Values in the dataset:
1. longitude: A measure of how far west a house is; a higher value is farther west
2. latitude: A measure of how far north a house is; a higher value is farther north
3. housingMedianAge: Median age of a house within a block; a lower number is a newer building
4. totalRooms: Total number of rooms within a block
5. totalBedrooms: Total number of bedrooms within a block
6. population: Total number of people residing within a block
7. households: Total number of households, a group of people residing within a home unit, for a block
8. medianIncome: Median income for households within a block of houses (measured in tens of thousands of US Dollars)
9. medianHouseValue: Median house value for households within a block (measured in US Dollars)
10. oceanProximity: Location of the house w.r.t ocean/sea

Inspect the dataset and discuss what the `pairplot` shows.
Does it help to decide, which features might be good to predict `median_house_value`?

For those that use `cocalc.com`:
If you do not have internet access in your Jupyter notebook, you need to download the `housing.tgz` manually and then upload it to your environment just as you uploaded the notebook file.

In [None]:
csv_path = Path('housing.csv')

if not csv_path.is_file():
    remote_url = 'https://raw.githubusercontent.com/ageron/handson-ml/master/datasets/housing/housing.tgz'
    local_path = Path('housing.tgz')

    if not local_path.is_file():
        urllib.request.urlretrieve(remote_url, local_path)

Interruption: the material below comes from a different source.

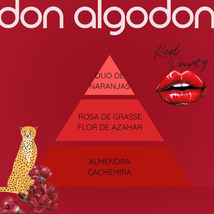 DON ALGODÓN Red Party Eau de Toilette es una fragancia que combina la frescura y calidez en un aroma diseñado para mujeres que buscan un toque único y seductor.

    with tarfile.open(local_path) as f:
        f.extractall()

In [None]:
df = pd.read_csv(csv_path)
df.head()

In [None]:
df.info()

In [None]:
df["ocean_proximity"].value_counts()

In [None]:
df.describe()

In [None]:
# Check https://seaborn.pydata.org/examples/index.html
sns.pairplot(df.dropna(), diag_kws={'bins': 50});

# Remove missing data and clipped data

When data is missing or is corrupted, you basically have three options:
- Drop the row (i.e. the record containing the missing value)
- Drop the column (i.e. drop the complete feature)
- Fill with a sane default value (often median of the train set, has to be stored for the test conditions later)

In [None]:
# Drops all rows which contain NaN anywhere
df = df.dropna()

In [None]:
fig, axes = plt.subplots(1, 2, figsize=(6.4 * 2, 4.8))
for ax, feature in zip(axes, ['median_house_value', 'housing_median_age']):
    ax.hist(df[feature], bins=50)
    ax.set_title(feature)
plt.show()

### Questions:

Are there corrupted values?
 
 - Do you have an idea, why they are corrupted?
 - How can you identify them?
 - Check https://pandas.pydata.org/docs/reference/api/pandas.DataFrame.query.html and remove them.

In [None]:
df['median_house_value'].max(), df['housing_median_age'].max()  # REPLACE

In [None]:
df = df.query('median_house_value < 500001')  # REPLACE df = df.query(???)
df = df.query('housing_median_age < 52')  # REPLACE df = df.query(???)

In [None]:
fig, axes = plt.subplots(1, 2, figsize=(6.4*2, 4.8))
for ax, feature in zip(axes, ['median_house_value', 'housing_median_age']):
    ax.hist(df[feature], bins=50)
    ax.set_title(feature)
plt.show()

# Split dataset into subsets

It is absolutely crutial to split the dataset into at least two subsets:
- Train set
- Test set

Often, people tend to split the dataset into three different subsets:
- Train set
- Cross-validation set/ Validation set
- Test set

You would then train on the train set and always check how your algorithm performs on the CV set.
Just for the final results you would run your model once on the test set but not change any parameters afterwards anymore.
The best model has to be selected based on the CV set.

In [None]:
df['_id'] = df.apply(lambda row: '{}_{}'.format(
    row["longitude"],
    row["latitude"]
), axis=1)

df.head()

Now we split the dataset into a train and test set.

### Questions:

 - Do you get a random test set?
 - Is the test set each time the same set?
 - What would happen, when we get new samples or decide to drop more sample? Would the train/test assignment change?

In [None]:
def is_in_test_set(key, test_ratio):
    hash_value = hashlib.md5(key.encode()).digest()
    return hash_value[-1] < 256 * test_ratio

def split_train_test(dataframe, test_ratio):
    in_test_set = dataframe._id.apply(lambda _id: is_in_test_set(_id, test_ratio))
    return dataframe.loc[~in_test_set], dataframe.loc[in_test_set]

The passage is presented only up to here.